What has changed now

The latest round differs in scope and visibility. Rather than a single disclosed figure, the current restructuring has been characterized by discrete team-level cuts, with workers reporting that functions were eliminated or consolidated. No comprehensive public count of impacted positions has been confirmed.

The changes are unfolding as McKesson has been reshaping parts of its organization and reporting structure, with public statements in 2025 outlining shifts to segment organization and corporate structure.

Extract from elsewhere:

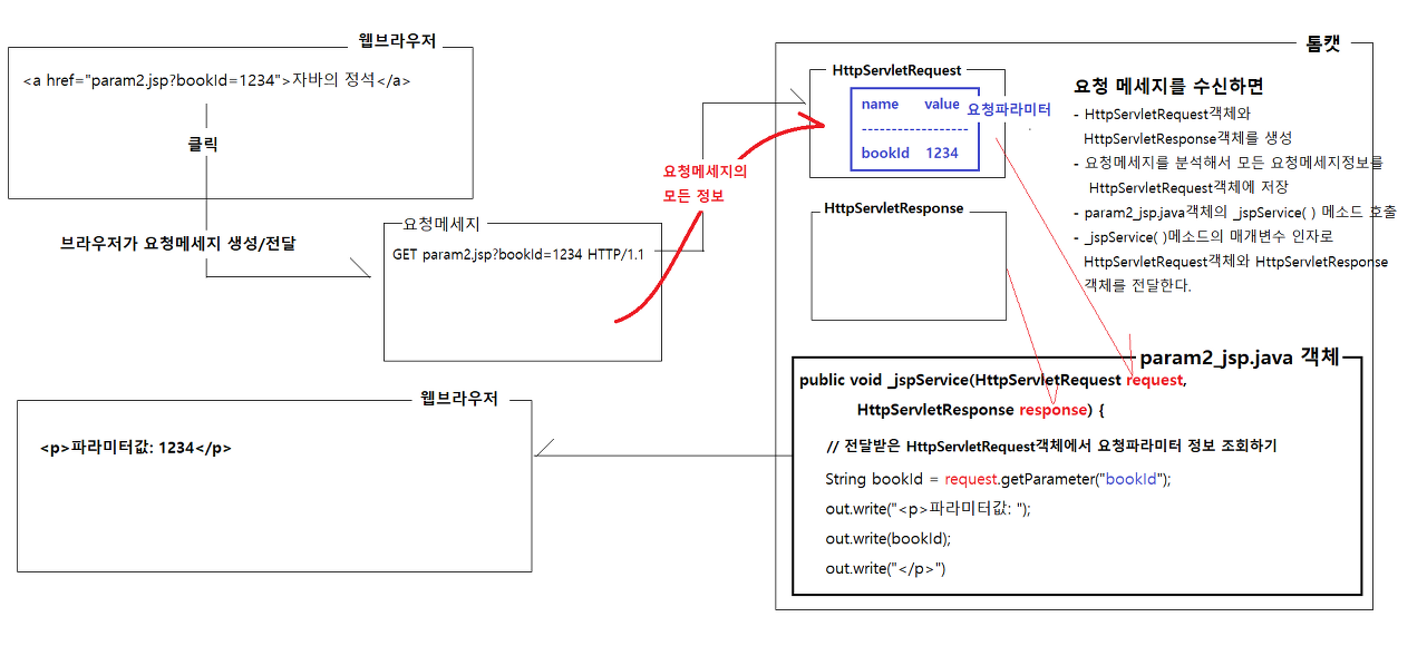 - 여러 개의 요청 파라미터를 전송할 경우에는 '&'를 사용하여 연결한다

Those moves set a context in which subsidiaries and business units may be reorganized, consolidated, or refocused to align with broader operational priorities.

Local impact and workforce uncertainty

For Columbus, the renewed reductions underscore ongoing uncertainty around a company that has been tied to major economic-development expectations and a large local office presence. For workers, repeated rounds of restructuring can create disruption that extends beyond those directly affected, as teams absorb work, projects are reassigned, and hiring plans are revised.

  • In 2023, the company said it would eliminate about 815 roles and adjust office space.
  • In 2026, workers describe additional team-level eliminations without a single confirmed public total.
  • The reductions are occurring amid broader organizational changes at the parent company level.

Companies often execute workforce changes in phases—first through broad layoffs, then through targeted team consolidations—when shifting investment priorities and reorganizing operations.

What to watch next

Key open questions include whether additional teams will be affected, whether the company will file any public workforce notices tied to Ohio employment thresholds, and how the changes will alter the company’s Columbus footprint. Another indicator will be whether CoverMyMeds posts new roles aligned to any strategic shift—such as specialty-therapy support services and platform consolidation—after completing the current restructuring.

For Central Ohio’s technology workforce, the developments are a reminder that health-tech employers can be influenced by national healthcare economics and parent-company portfolio decisions, even when the local brand remains prominent.